Exercise objective
All that is needed is the lines from the one containing "Detalle de los" through the end of the listing, printed exactly, with no pictures among them.

Data for analysis
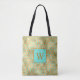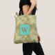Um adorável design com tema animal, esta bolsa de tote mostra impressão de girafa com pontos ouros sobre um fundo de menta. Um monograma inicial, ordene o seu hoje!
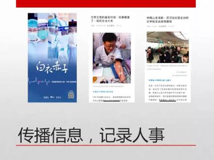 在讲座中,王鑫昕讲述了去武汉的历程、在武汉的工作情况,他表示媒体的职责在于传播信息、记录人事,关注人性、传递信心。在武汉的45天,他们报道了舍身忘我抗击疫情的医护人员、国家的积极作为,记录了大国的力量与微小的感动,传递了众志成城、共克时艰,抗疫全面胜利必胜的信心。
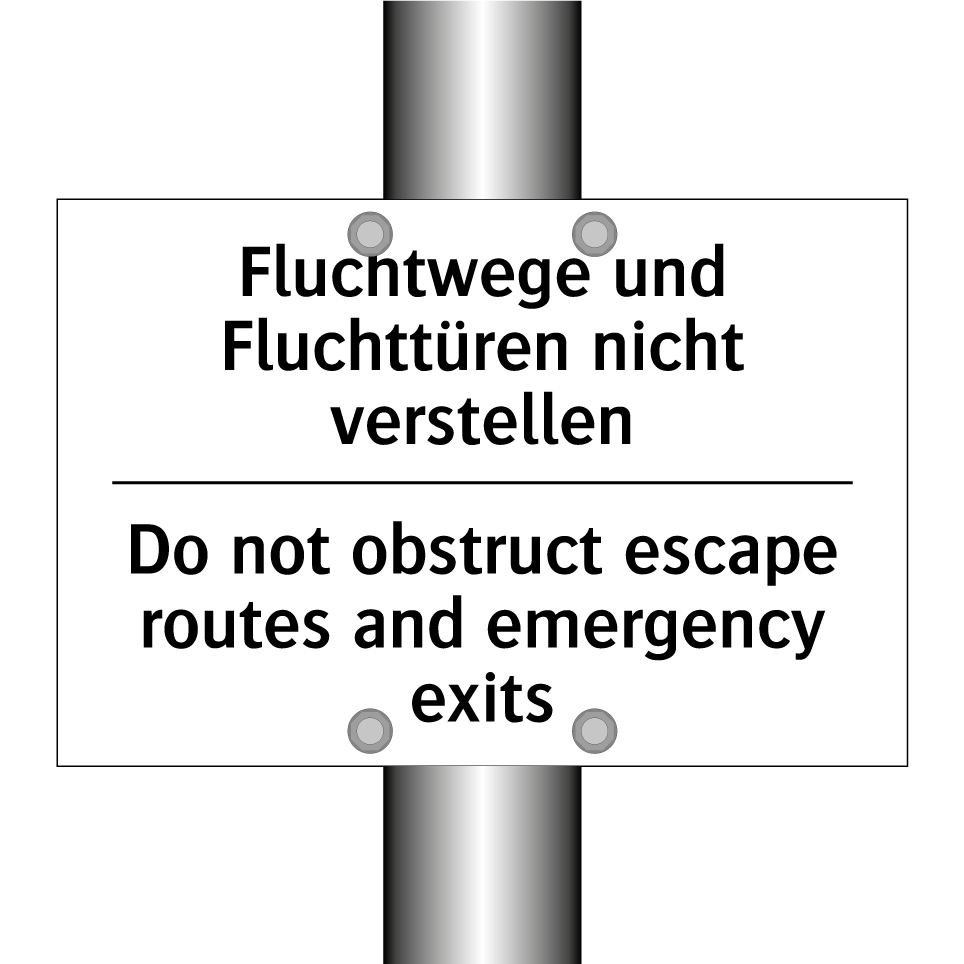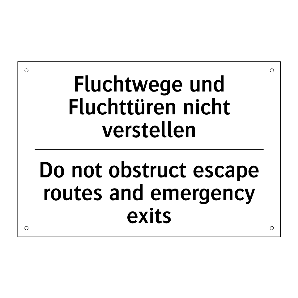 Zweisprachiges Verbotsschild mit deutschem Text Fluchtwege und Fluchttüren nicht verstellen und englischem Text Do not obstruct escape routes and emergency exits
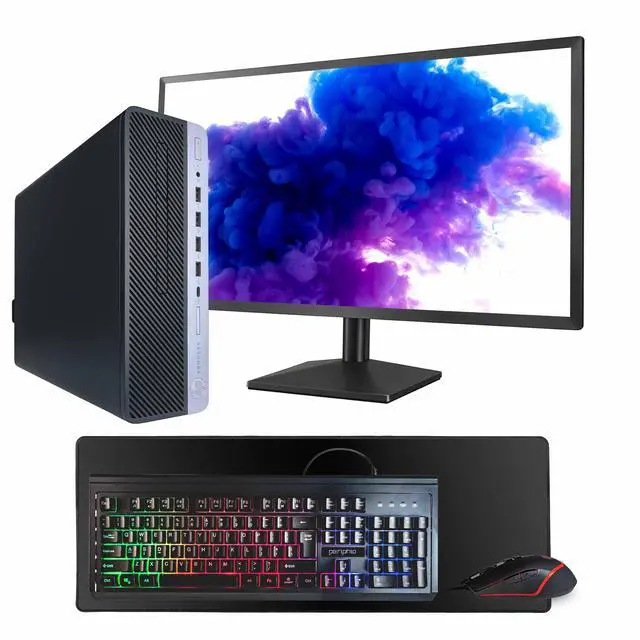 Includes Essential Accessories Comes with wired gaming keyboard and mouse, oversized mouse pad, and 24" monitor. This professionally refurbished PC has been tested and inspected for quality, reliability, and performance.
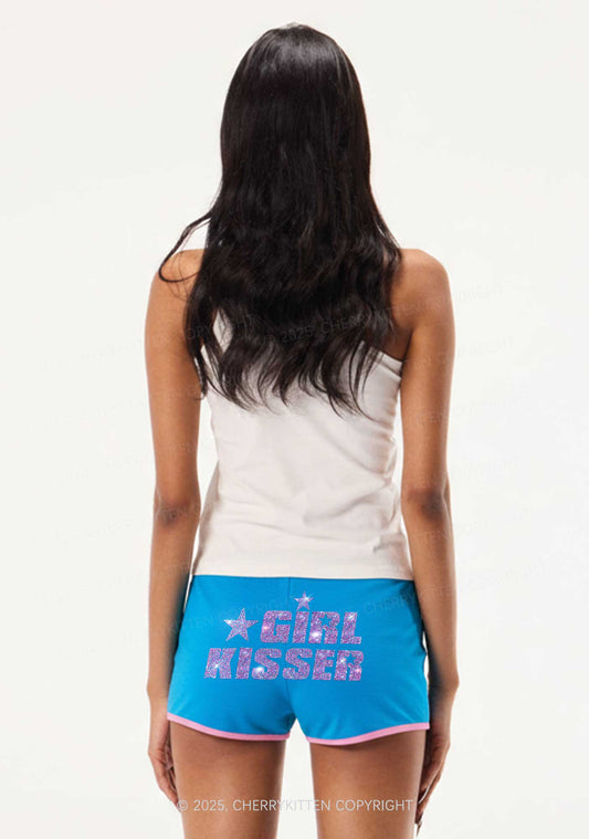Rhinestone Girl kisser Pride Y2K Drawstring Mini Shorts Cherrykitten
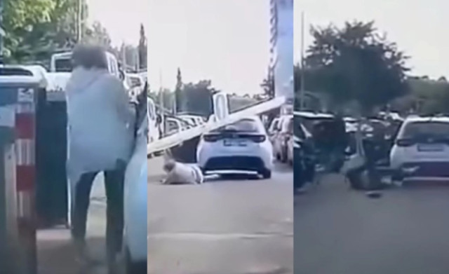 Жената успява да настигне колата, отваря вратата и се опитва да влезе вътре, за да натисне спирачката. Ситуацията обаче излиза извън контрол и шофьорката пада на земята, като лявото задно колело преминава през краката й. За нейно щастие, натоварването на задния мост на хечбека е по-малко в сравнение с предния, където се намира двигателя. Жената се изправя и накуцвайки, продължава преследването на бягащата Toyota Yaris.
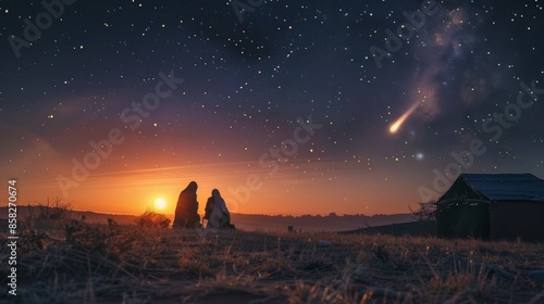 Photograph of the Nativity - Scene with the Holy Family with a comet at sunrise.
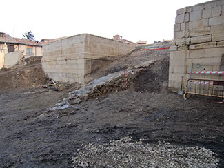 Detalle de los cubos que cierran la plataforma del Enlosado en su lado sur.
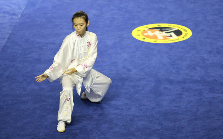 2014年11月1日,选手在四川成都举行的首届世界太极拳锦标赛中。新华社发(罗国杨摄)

Task response
 Detalle de los cubos que cierran la plataforma del Enlosado en su lado sur.
 2014年11月1日,选手在四川成都举行的首届世界太极拳锦标赛中。新华社发(罗国杨摄)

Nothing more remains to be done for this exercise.